We are going to implement and study parallel versions of the Catmull Clark algorithm, using CUDA and running on the NVIDIA GTX 480’s.
We will use starter code from a pre-existing Computer Graphics (15-462) project. This starter code includes a Makeﬁle that includes the OpenGL libraries and ﬁles with vector, matrix, camera and scene classes and implementations.
Our main reference will be this paper:
Parallel View-Dependent Tessellation of Catmull-Clark Subdivision Surfaces
The main goal behind the project is to obtain high-quality visual results as quickly as possible, with an acceptable frame-rate and level of accuracy.
The challenges to such an implementation are as follows:
a) Are there ways to use shared memory on the GPU side to minimize memory latency/transfer of data between the CPU/GPU?
b) What data-structures would be most appropriate to represent the mesh data structures, keeping in mind considerations such as ease of access/construction (hopefully in parallel), memory usage, etc?
c) How much computation should be placed on the GPU/CPU sides respectively?
Plan to achieve:
1) Develop a working parallel model of the Catmull Clark algorithm, based on the aforementioned paper.
2) Match the performance results obtained in the paper and identify bottlenecks that limit speedup.
Hope to achieve:
1) Improve upon the implementation of the algorithm described in the paper by removing latency operations and optimizing aggressively.
2) Study a variety of other approaches, based on different data structures (simple arrays, STL maps, half-edge mesh, quad-trees) and approximating techniques (bicubic patches, feature-adaptive subdivision, shaders, bezier patches, etc).
3) Identify ways to handle extraordinary vertices, cracks, t-junctions and other abnormal mesh constructs efﬁciently, without comprising on visual results/performance.
We plan to use OpenGL and CUDA in our ﬁnal product. We will run our code on the GTX 480 cards in the Gates 5th ﬂoor cluster.

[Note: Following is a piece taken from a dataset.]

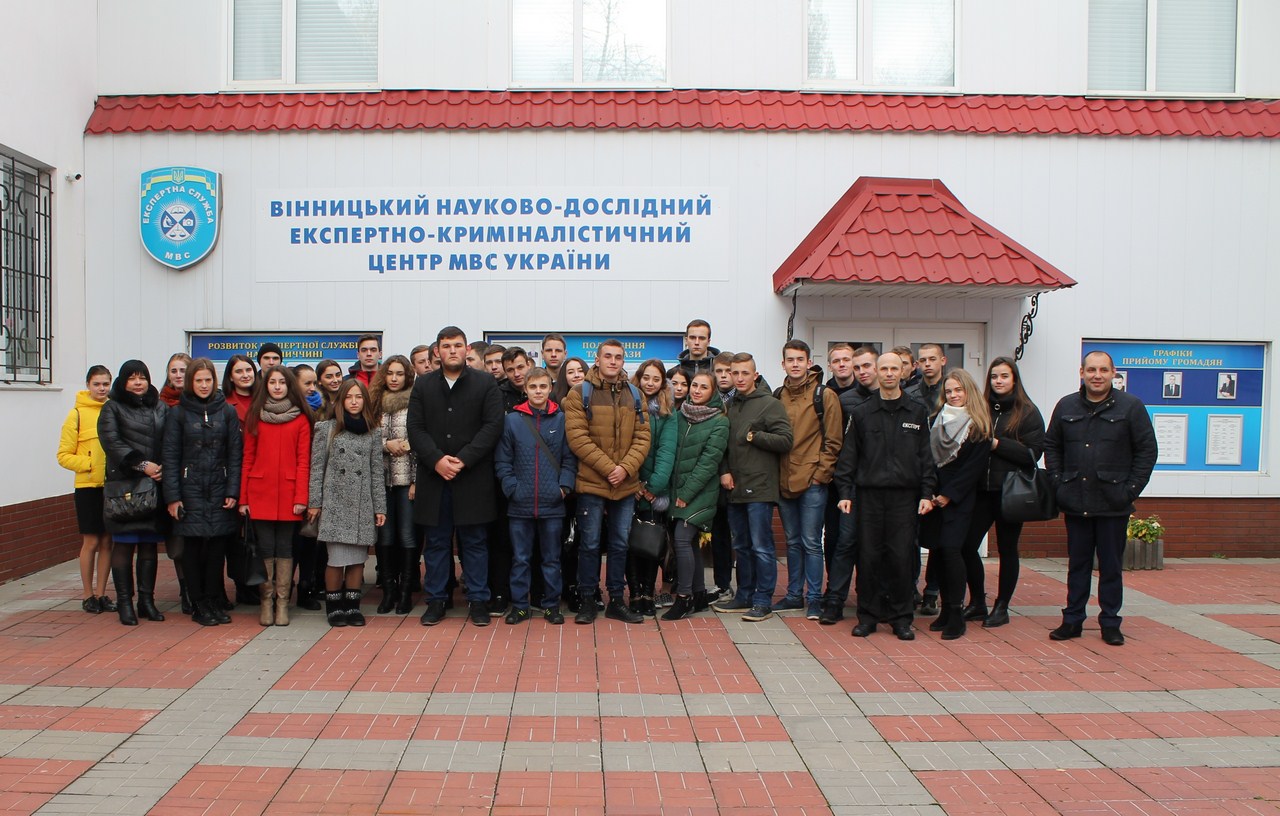 06 листопада 2017 року в рамках проведення тижня факультету економіки, менеджменту та права була організована та проведена екскурсія зі здобувачами вищої освіти навчальних груп 1-го курсу спеціалізації «Фінансове право» та «Комерційне право» до Вінницького науково-дослідного експертно-криміналістичного центру МВС України. Заступник завідувача відділу криміналістичних видів досліджень Неприлюк Р.Г. ознайомив здобувачів з роботою, секторів дактилоскопічних досліджень, техніко-експертного дослідження документів, балістичного, спеціальних досліджень наркотичних засобів та дослідження зразків ДНК.

Given the amount of computation required in the algorithm and the scope of parallelism, our choice of a GPU/CUDA platform is quite sound.
Week 1: (April 4-11) We initially were doing research in a variety of topics related to natural language processing, convex optimization and machine
learning. However, we abandoned the project concept when we realized that the combination of the amount of material that we would have to assimilate, along with the difﬁculties arising from working with a complex code-base, would make this an unfeasible project that we could deliver on time.
We will quickly do some research in the area and see which implementations of Catmull-Clark are most appropriate for usage on the GPU.
Week 2: (April 11-18) We need to have a serial implementation of the Catmull-Clark algorithm ready in the first few days of this week. We will perform some basic tests on increasingly complex geometries and do analysis to determine which steps in the algorithm are most timeconsuming.
We will also start working on an implementation of the CUDA version of the code, which we hope to have working by the weekend. This will be our ‘benchmark’ implementation while investigating other possibilities.
Week 3: (April 18-25) Having implemented algorithms that faithfully adhere to the algorithm, we need to start exploring other data-structures and approximating techniques that we mentioned above.
We’ll try to match these performance times (which are in real-time) for the meshes specified (given that the GPU’s used were GTX 280’s, this ‘replication’ may be a problem, but we’ll do our best).
The paper also said that their implementation had not been ‘aggressively optimized and suffered from several incoherences.
Week 4: (April 25-May 2): Study for the midterm and continue working on alternative approaches and measure their performance. We want to identify the precise reasons why certain approaches are better than others.
Week 5: (May 2-9): Finish documentation, compile results/images, complete our final proposal with appropriate data analysis, prepare final presentation.